Retype the listing exactly as it stands, and keep every image out.

DATASET SECTION:
□ □ □ □

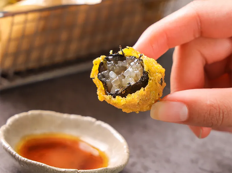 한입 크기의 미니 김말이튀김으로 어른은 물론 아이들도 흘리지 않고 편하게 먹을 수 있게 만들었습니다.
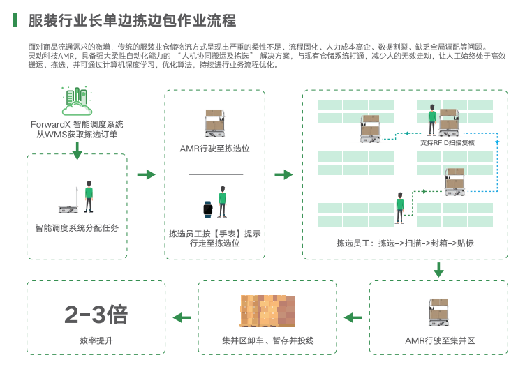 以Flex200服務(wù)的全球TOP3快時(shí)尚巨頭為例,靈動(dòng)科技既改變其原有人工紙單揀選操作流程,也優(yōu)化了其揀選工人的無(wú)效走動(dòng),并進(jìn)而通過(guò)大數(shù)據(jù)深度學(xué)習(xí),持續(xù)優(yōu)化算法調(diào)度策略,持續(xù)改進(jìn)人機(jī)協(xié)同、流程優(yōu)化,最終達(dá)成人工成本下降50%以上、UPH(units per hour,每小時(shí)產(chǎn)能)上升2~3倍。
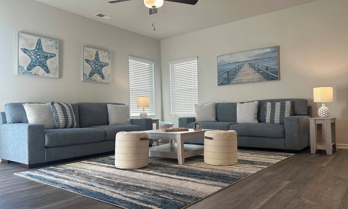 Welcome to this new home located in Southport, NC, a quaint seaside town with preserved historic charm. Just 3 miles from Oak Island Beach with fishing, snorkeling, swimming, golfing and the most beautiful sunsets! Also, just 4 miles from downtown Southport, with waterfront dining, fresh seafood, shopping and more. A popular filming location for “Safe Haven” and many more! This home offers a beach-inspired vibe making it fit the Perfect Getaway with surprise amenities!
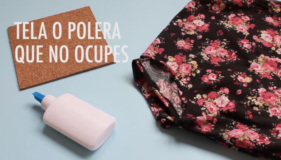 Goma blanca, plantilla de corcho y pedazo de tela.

□ □ □ □

FINISHED TASK:
 한입 크기의 미니 김말이튀김으로 어른은 물론 아이들도 흘리지 않고 편하게 먹을 수 있게 만들었습니다.
 以Flex200服務(wù)的全球TOP3快時(shí)尚巨頭為例,靈動(dòng)科技既改變其原有人工紙單揀選操作流程,也優(yōu)化了其揀選工人的無(wú)效走動(dòng),并進(jìn)而通過(guò)大數(shù)據(jù)深度學(xué)習(xí),持續(xù)優(yōu)化算法調(diào)度策略,持續(xù)改進(jìn)人機(jī)協(xié)同、流程優(yōu)化,最終達(dá)成人工成本下降50%以上、UPH(units per hour,每小時(shí)產(chǎn)能)上升2~3倍。
 Welcome to this new home located in Southport, NC, a quaint seaside town with preserved historic charm. Just 3 miles from Oak Island Beach with fishing, snorkeling, swimming, golfing and the most beautiful sunsets! Also, just 4 miles from downtown Southport, with waterfront dining, fresh seafood, shopping and more. A popular filming location for “Safe Haven” and many more! This home offers a beach-inspired vibe making it fit the Perfect Getaway with surprise amenities!
 Goma blanca, plantilla de corcho y pedazo de tela.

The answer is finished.